Machine Learning at Berkeley
Building and fostering a vibrant machine learning community
Machine Learning at Berkeley (ML@B) is a student-run organization dedicated to fostering a vibrant machine learning community on the UC Berkeley campus by providing educational and computational resources to undergraduate and graduate students.
We empower passionate students of all backgrounds and skill levels to solve real world data-driven problems in both academic research and industry settings through collaboration with companies and internal research.
By growing a strong machine learning community at UC Berkeley, we hope to benefit, educate, and inspire the students at the university as well as aiding the machine learning community at large.
Industry: Machine Learning at Berkeley's consulting branch allows members to work together with companies to tackle challenging real world problems with the use of machine learning and data science. Each consulting project consists of around 8-10 members and lasts one semester. Through the ML@B consulting projects, members gain the experience to solve machine learning and data science problems in industry.

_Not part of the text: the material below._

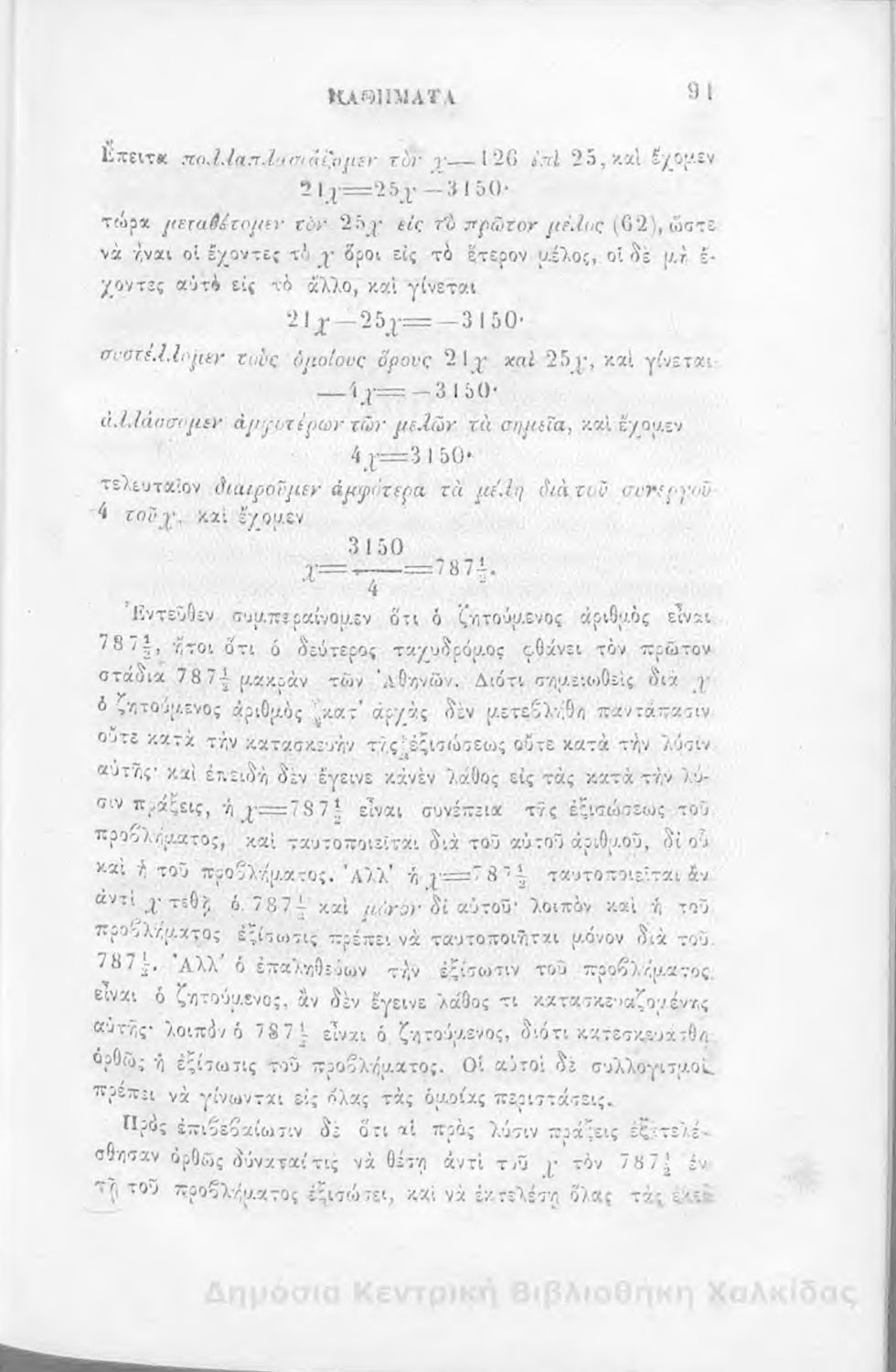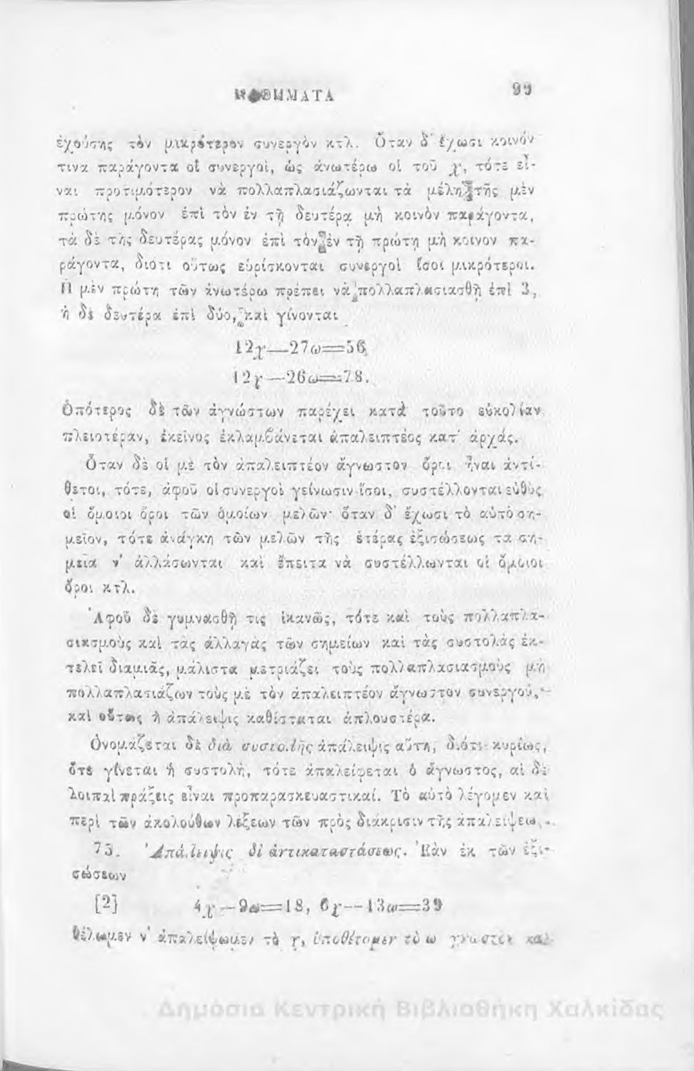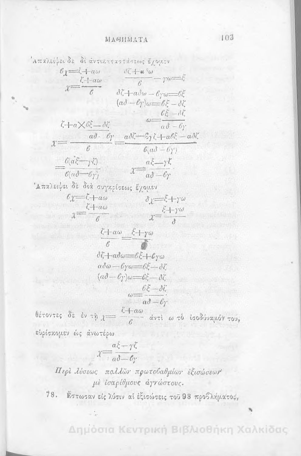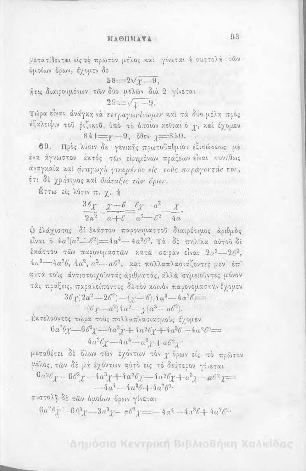 Άλγεβρας μαθήματα : τα του πρώτου και του δευτέρου βαθμού. Προς χρήσιν των μαθητευόντων εν τοις γυμνασίοις της Ελλάδος

Machine Learning at Berkeley's research division seeks to provide a platform for students and faculty to collaborate outside of the context of the many AI/ML research laboratories at Berkeley. We believe that landmark research in machine learning almost always comes from left field, and we cherish and encourage novelty in our division.
Our projects and papers are proposed by students and then backed over the course of each academic year into fully fledged research teams. The proposal process leads to a diverse group of projects each year exploring areas from deep reinforcement learning to statistical machine learning, harnessing the creativity and unique backgrounds of our members.